There are rules for different aspects of strength training, each designed to ensure correct lifting of a weight and optimal results. How you breathe plays a significant role in the effectiveness and safety of lifting weights. If you don’t breathe properly, you may experience increased blood pressure, dizziness and even reduced physical performance. Therefore, it’s imperative that you know when and how to breath as you engage in resistance training.
The exertion of an exercise is when you actually lift or push the weight. For example, the exertion in the bench press exercise is when you press the weight up toward the ceiling. Since this is typically the hardest part of an exercise, it’s not uncommon for you to want to hold your breath. Think about a moment when you exerted a lot of energy -- likely, you didn’t breathe. While this may be a natural response to exerting energy, your focus should be on continually breathing during the exercise. During the lifting, or exertion, portion of a movement, slowly exhale through your mouth as you lift. Sync your breathing with the lifting of the weight so at the top of the motion you’re out of breath.
The rate at which you breathe is important as it determines how fast you execute each repetition. Breathing hard and fast can also lead to hyperventilation. You can prevent rapid breathing by focusing on your breath. To help maintain proper breathing, exhale for two seconds as you lift the weight and as you lower the weight back down, inhale for three to four seconds.

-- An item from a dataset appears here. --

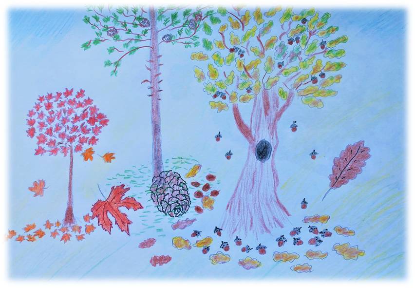 А как же остальные деревья, спросите вы. Давайте посмотрим. Вот невысокая рябина с листьями в форме тонких и вытянутых пальцев прячет алые грозди ягод. Плоды горькие на вкус, но очень красивые, как бусы! Берёзы и тополя очень шумные, у них кроны, богатые желтой треугольной, зубчатой или овальной листвой. Ветер в кронах деревьев так и играет: где сорвет лист, а где просто покачает, пошумит. Хвойные исполины не шумят, зато шишками кидаются: то помощники Серого Леха – не любят гостей. Животные к таким соснам близко не подходили, если и цепляли шишку, то ту, что падала подальше от дерева. А смелые белки умудрялись ещё и запасы делать. Красиво в лесу осенью!
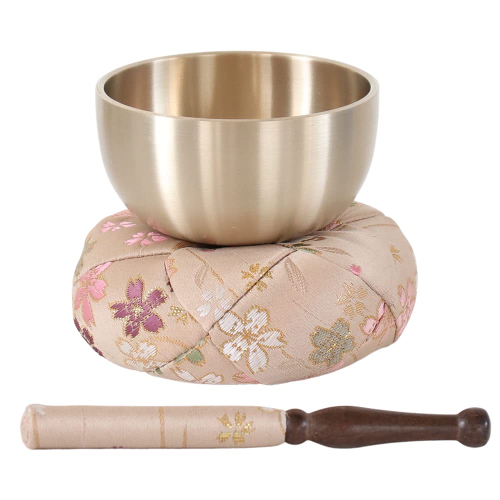 Naamukuma-chan Kobo Sakura Pattern Japanese Orin Set: Orin + Rin Stick + Futon, 2.3 Sun (7cm Diameter), 003. White Tea

This pace ensures your breathing rate remains normal while maintain a good pace during each repetition.
Dangers of Improper Breathing
Perhaps the biggest danger of holding your breath while weight training is the increase of blood pressure, which may lead to stroke even in young, and otherwise healthy, adults. A study published in the “Archives of Physical Medicine and Rehabilitation” found participants who lifted heavy weights while holding their breath had a mean blood pressure rating of 311/284. However, researchers noted that when participants exhaled slowly during the lifting portion of the exercise, their blood pressure rose just to 198/175. While strength training with heavy weights increases blood pressure, doing so while properly breathing is not as dangerous as lifting without breathing.
Benefits of Proper Breathing
Along with keeping blood pressure from spiking, proper breathing while lifting keeps each repetition at the perfect pace. Lifting too fast, especially with free weights, is very dangerous. Free weights are capable of building momentum throughout the movement, and as a lifter, momentum is your enemy. By breathing in a controlled manner and lifting weights in the same way, you’ll achieve safe and controlled repetitions.